| PROBLEM |
Return every line of the records below verbatim, with no pictures in the copy.

Data extracted from a collection:
========================
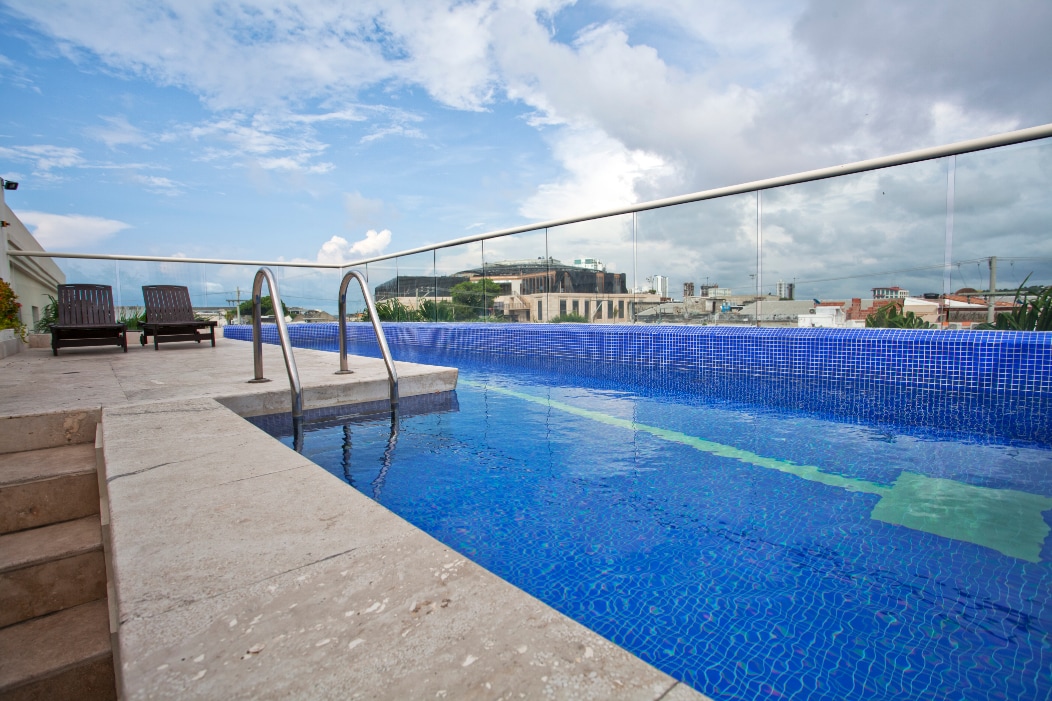 This is one of the very few Luxury buildings you’ll find in the old city. Counts with a 24/7 doorman/concierge, Two Rooftop Pools, Sauna, great common spaces and incredible garden. It also counts with a Generator, very important in Cartagena. Location is unbeatable it’s half a block away from Plaza San Pedro, a plaza full of life, art, restaurants and bars. The apartment is on a second floor with lots of sunlight, and full kitchen and A/C.
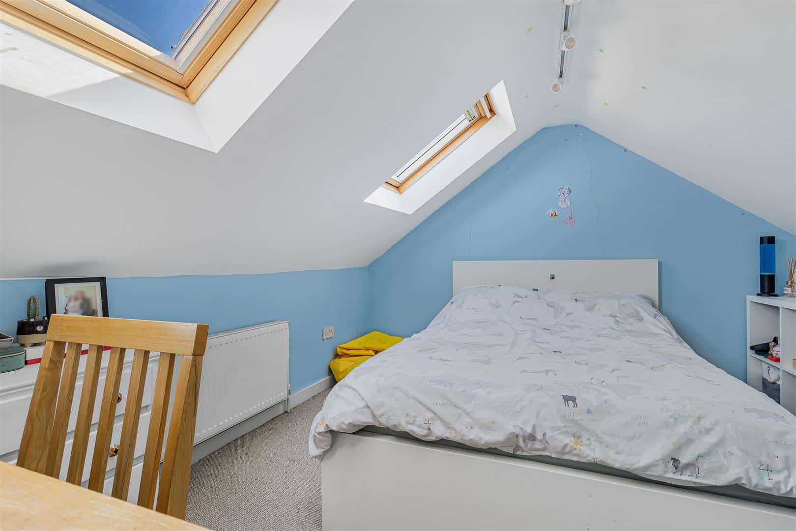 Double bedroom with dual velux windows. Radiator. Doors leading to the en suite and second floor landing.
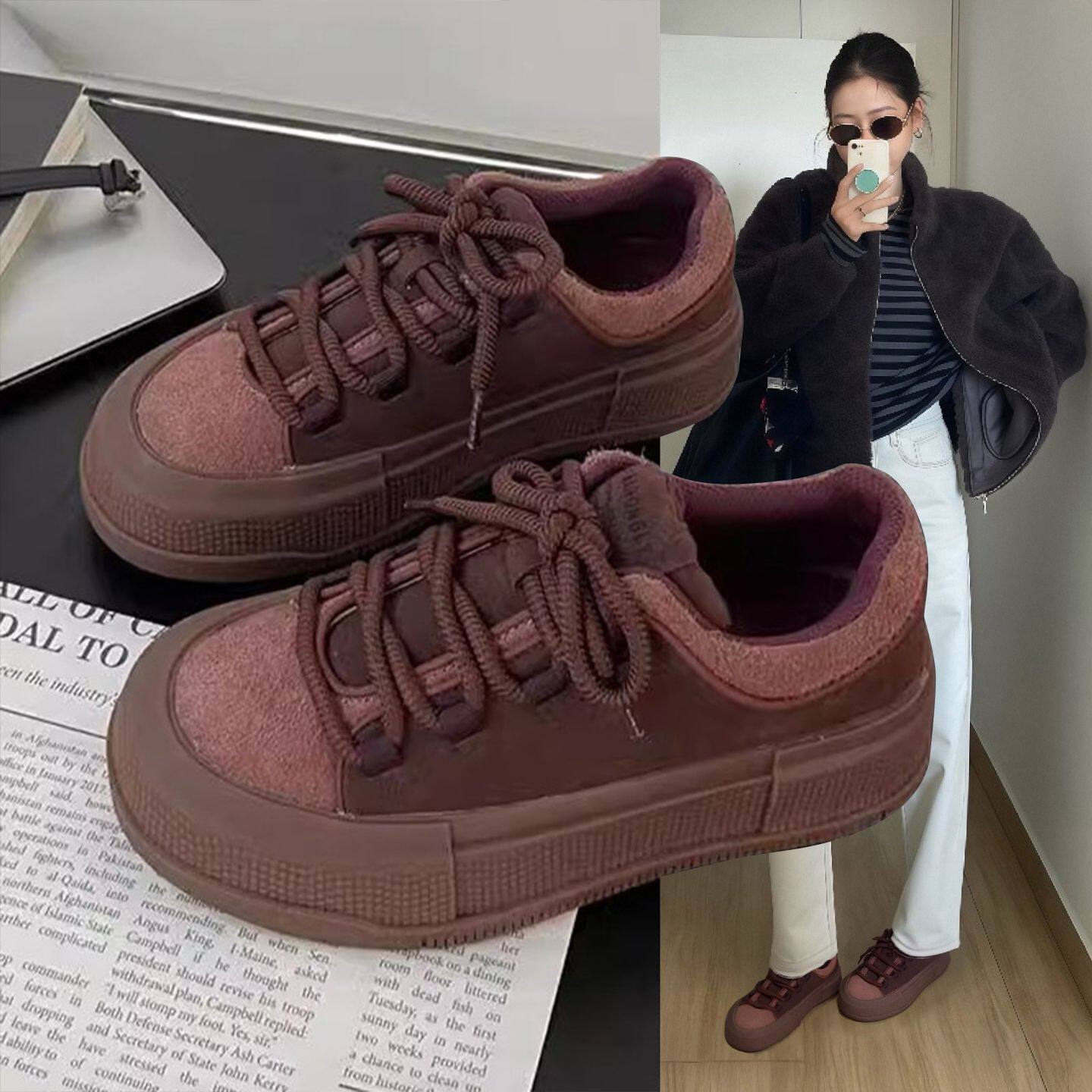 Hong Kong Genuine Leather Retro German-Style Training Shoes for Women 2026 Spring and Autumn Thick-Soled Height-Increasing Casual Sneakers Versatile Popular Platform Shoes
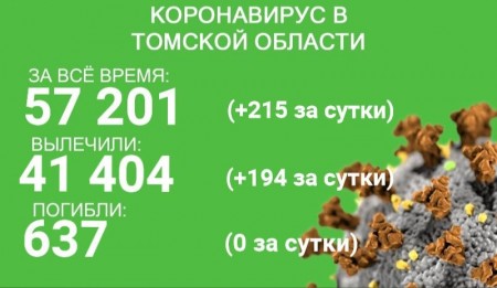В Томской области за сутки с 5 по 6 декабря выявлено 215 новых случаев коронавируса. Всего в регионе заболели 57 201 человек. С начала эпидемии излечились 41 404 человека, 194 из них выздоровели за минувшие сутки. В регионе от коронавируса и его осложнений погибли 637 человек.
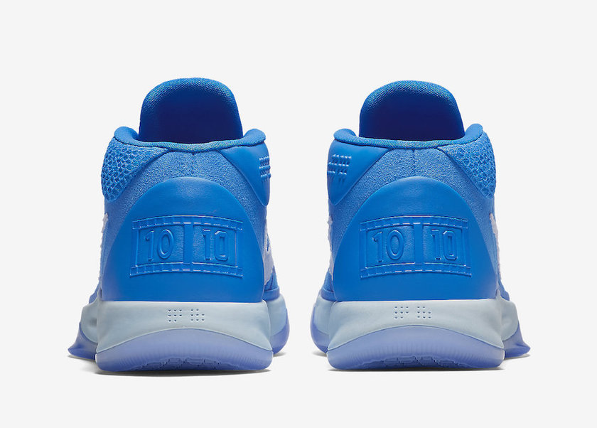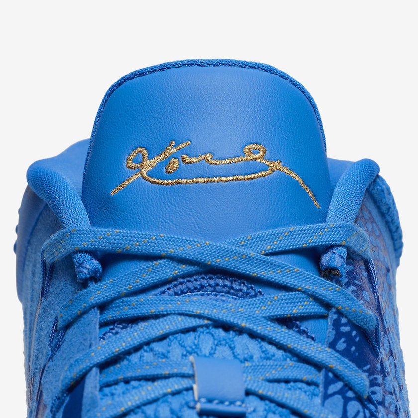 这款 PE 配色以清爽的蓝色为基调,鞋身布满象征黑曼巴的蛇纹细节。而白色的帆布 Nike Swoosh 出现在侧面,与鞋身呈现出两种不同质感。后跟以科比美国队的10号以及德罗赞的球衣10号组成“10/10”的标志,鞋垫更是以照片双拼的设计呈现,寓意曼巴精神的传承。
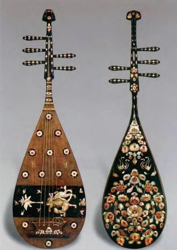 其原因自然是来自中国。直项琵琶的颈项是挺直的,曲项琵琶是屈曲的,有90°的折角。这种五弦琵琶称为“龟兹琵琶”,来自西域地区,故亦称胡琵琶或胡琴,又称“凤首琵琶”,是从琴首上的装饰而得名。
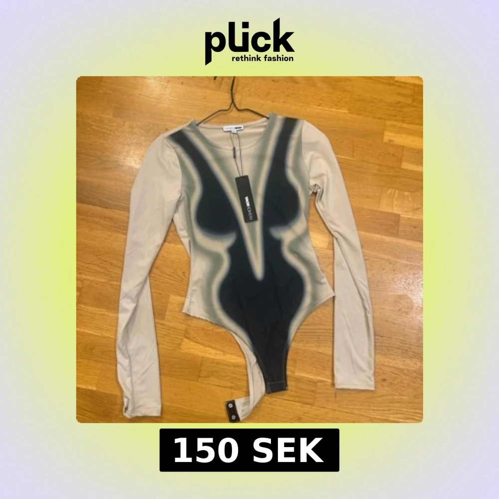 Säljer en unik body från fashionnova med långa ärmar och coolt abstrakt mönster i svart och beige. Tight passform och rund halsringning. Perfekt för dig som vill sticka ut med en edgy look.
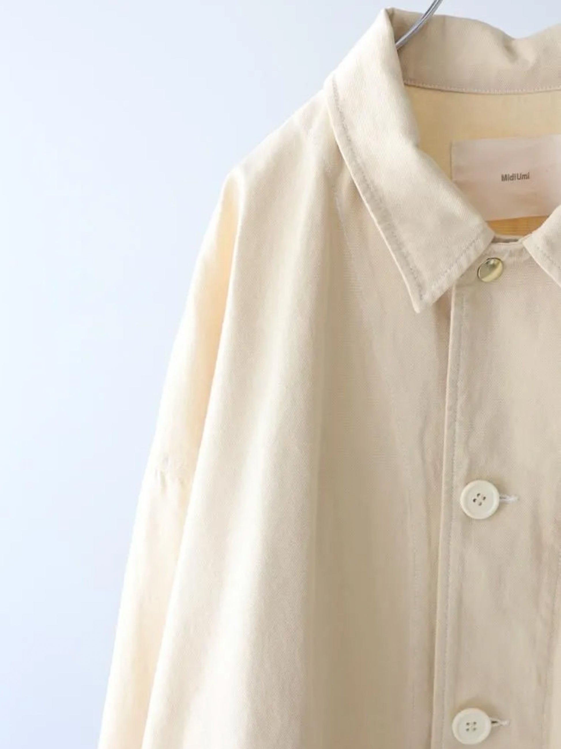 程よい厚みと柔らかさを備えながらも、丈夫で、ワークウェアにはない上品な表情を持っています。
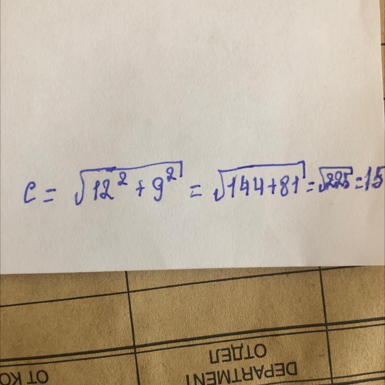 9=3*3; 12=3*4; значит c=3*5=15. Так как (3;4;5) - знаменитый треугольник. Можно и по т. Пифагора. с*с=9*9+12*12=81+144=225; с=15.
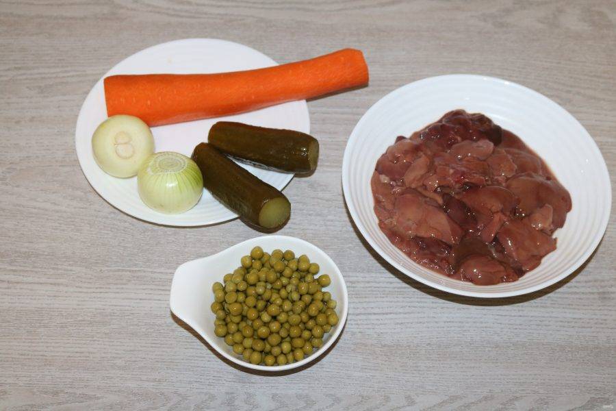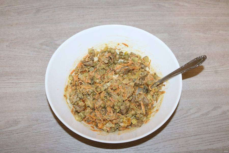 Салат с куриной печенью и горошком понравится всем, он получается сытным, питательным и очень вкусным! Делюсь рецептом!
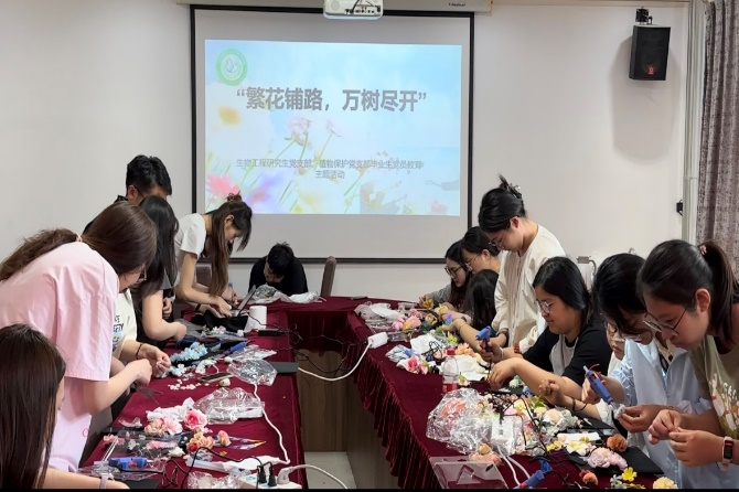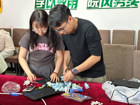 凤凰花开,毕业季悄然而至。为鼓励员工以阳光的心态迎接毕业季,给老员工涯留下更多纪念,6月3日,生物工程与植物保护研究生党支部共同开展“繁花铺路,万树尽开”主题党日活动。毕业生党员们结合专业优势,用色彩缤纷的花材设计制作独一无二的学位帽,作为难忘仲恺岁月的纪念和对未来的美好祝福。生物工程研究生党支部书记刘冰颖,植物保护研究生党支部书记申维维,2024届研究生毕业生党员与积极分子参与本次活动。
========================
| WRITTEN RESPONSE |
 This is one of the very few Luxury buildings you’ll find in the old city. Counts with a 24/7 doorman/concierge, Two Rooftop Pools, Sauna, great common spaces and incredible garden. It also counts with a Generator, very important in Cartagena. Location is unbeatable it’s half a block away from Plaza San Pedro, a plaza full of life, art, restaurants and bars. The apartment is on a second floor with lots of sunlight, and full kitchen and A/C.
 Double bedroom with dual velux windows. Radiator. Doors leading to the en suite and second floor landing.
 Hong Kong Genuine Leather Retro German-Style Training Shoes for Women 2026 Spring and Autumn Thick-Soled Height-Increasing Casual Sneakers Versatile Popular Platform Shoes
В Томской области за сутки с 5 по 6 декабря выявлено 215 новых случаев коронавируса. Всего в регионе заболели 57 201 человек. С начала эпидемии излечились 41 404 человека, 194 из них выздоровели за минувшие сутки. В регионе от коронавируса и его осложнений погибли 637 человек.
 这款 PE 配色以清爽的蓝色为基调,鞋身布满象征黑曼巴的蛇纹细节。而白色的帆布 Nike Swoosh 出现在侧面,与鞋身呈现出两种不同质感。后跟以科比美国队的10号以及德罗赞的球衣10号组成“10/10”的标志,鞋垫更是以照片双拼的设计呈现,寓意曼巴精神的传承。
 其原因自然是来自中国。直项琵琶的颈项是挺直的,曲项琵琶是屈曲的,有90°的折角。这种五弦琵琶称为“龟兹琵琶”,来自西域地区,故亦称胡琵琶或胡琴,又称“凤首琵琶”,是从琴首上的装饰而得名。
 Säljer en unik body från fashionnova med långa ärmar och coolt abstrakt mönster i svart och beige. Tight passform och rund halsringning. Perfekt för dig som vill sticka ut med en edgy look.
 程よい厚みと柔らかさを備えながらも、丈夫で、ワークウェアにはない上品な表情を持っています。
 9=3*3; 12=3*4; значит c=3*5=15. Так как (3;4;5) - знаменитый треугольник. Можно и по т. Пифагора. с*с=9*9+12*12=81+144=225; с=15.
 Салат с куриной печенью и горошком понравится всем, он получается сытным, питательным и очень вкусным! Делюсь рецептом!
 凤凰花开,毕业季悄然而至。为鼓励员工以阳光的心态迎接毕业季,给老员工涯留下更多纪念,6月3日,生物工程与植物保护研究生党支部共同开展“繁花铺路,万树尽开”主题党日活动。毕业生党员们结合专业优势,用色彩缤纷的花材设计制作独一无二的学位帽,作为难忘仲恺岁月的纪念和对未来的美好祝福。生物工程研究生党支部书记刘冰颖,植物保护研究生党支部书记申维维,2024届研究生毕业生党员与积极分子参与本次活动。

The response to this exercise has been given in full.